La città è mobile!
collaboration with matteo pacella, ldf 2018
résine polyester et mdf
la città è mobile! est une collection de mobilier qui utilise, à une échelle intermédiaire, les formes archétypales de l’architecture classique et celles des jeux de construction pour enfants.
les treize pièces de la collection réduisent à l’échelle du meuble les éléments de l’architecture classique que sont l’arcade, la colonne, les marches, l’aqueduc, etc. leurs proportions sont basées sur le nombre d’or et les espacements intercolumnaires respectent ceux préconisés par vitruve.
par contraste, la finition en résine bleue synthétique vient perturber la référence historique et place les pièces “fuori tempo”: hors du temps.
au-delà de la valeur structurelle de l’architecture classique, c’est sa valeur culturelle qui nous intéresse, et dont l’effet nous interroge: trouve-t-on sa présence familière et réconfortante, ou bien à l’inverse, vient-elle hanter nos rêves comme dans les tableaux de de chirico?
ce qui est certain, c’est qu’elle a depuis des millénaires profondément imprégné notre psyché collective, construit notre identité culturelle, défini notre perception de la beauté.
La città è mobile! is a collection of furniture which interprets, at an intermediate scale, the archetypal forms of classical architecture and the wooden building blocks children play with.
the tradition of referencing architecture onto furniture goes back to Renaissance times, and here the reference to classical architecture is explicit: the thirteen pieces that form a comprehensive range of seats, steps, tables, consoles and bookshelves are the translation at the scale of furniture of the classical typologies of the arcade, the temple, the aquaduct... The proportions are based on the Golden Ratio, and the spacing between the columns follow the intercolumniation rules as described by Vitruvius.

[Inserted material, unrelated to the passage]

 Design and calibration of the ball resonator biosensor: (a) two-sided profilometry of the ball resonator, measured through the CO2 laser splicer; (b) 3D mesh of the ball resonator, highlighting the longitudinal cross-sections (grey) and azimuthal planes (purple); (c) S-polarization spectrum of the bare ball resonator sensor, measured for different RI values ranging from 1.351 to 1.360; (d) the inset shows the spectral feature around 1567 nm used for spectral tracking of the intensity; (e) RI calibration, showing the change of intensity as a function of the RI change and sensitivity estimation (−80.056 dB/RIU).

But the blue and synthetic resin which coats the pieces comes at odds with the historical reference and places the collection "fuori tempo": out of time.

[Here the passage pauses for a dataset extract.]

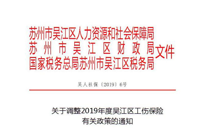 關于調(diào)整2019年度吳江區(qū)工傷保險有關政策的通知

Beyond the structural value of classical architecture, it is it’s symbolic value that comes into play. In the sameway that Aldo Rossi did in his architecture, we have used the archetypal forms of classical architecture to measure which effect they still produce on us: do we find their familiar and rational presence comforting, almost maternal, or to the other end, do they haunt our dreams like in De Chirico’s paintings? What is certain is that we can not stay indifferent to them, because over thousands of years, they have deeply permeated our collective psyche, defined our cultural identity, shaped our perception of beauty.
These archetypal forms have been stylised here to their minimal expression, like in Italian fascist architecture but also, on an other scale, like objects to which we relate much more instantanely: the wooden building blocks.
The wooden building blocks are the ultimate stylization of the architectural archetypes into pure volumes, mathematical objects which assemble with one another; they reveal the semiotic translation by which the cylinder becomes a column, the triangle a roof and the arch, a bridge. Here, the columns, the step, the bridge and the ottoman assemble just like building blocks. Their combinational value illustrates that classical architecture is also a game: from isolated fragments, it is a whole city that can be reconstituted.
Magnified toys or miniature architecture, La città è mobile! disrupts our perception of the scale of furniture and invites us, through the anachronistic permanence of ancient forms, to enter a mythological space where time seems suspended, and where the ephemeral reality of daily-life is put in tension with the classical idea of eternity.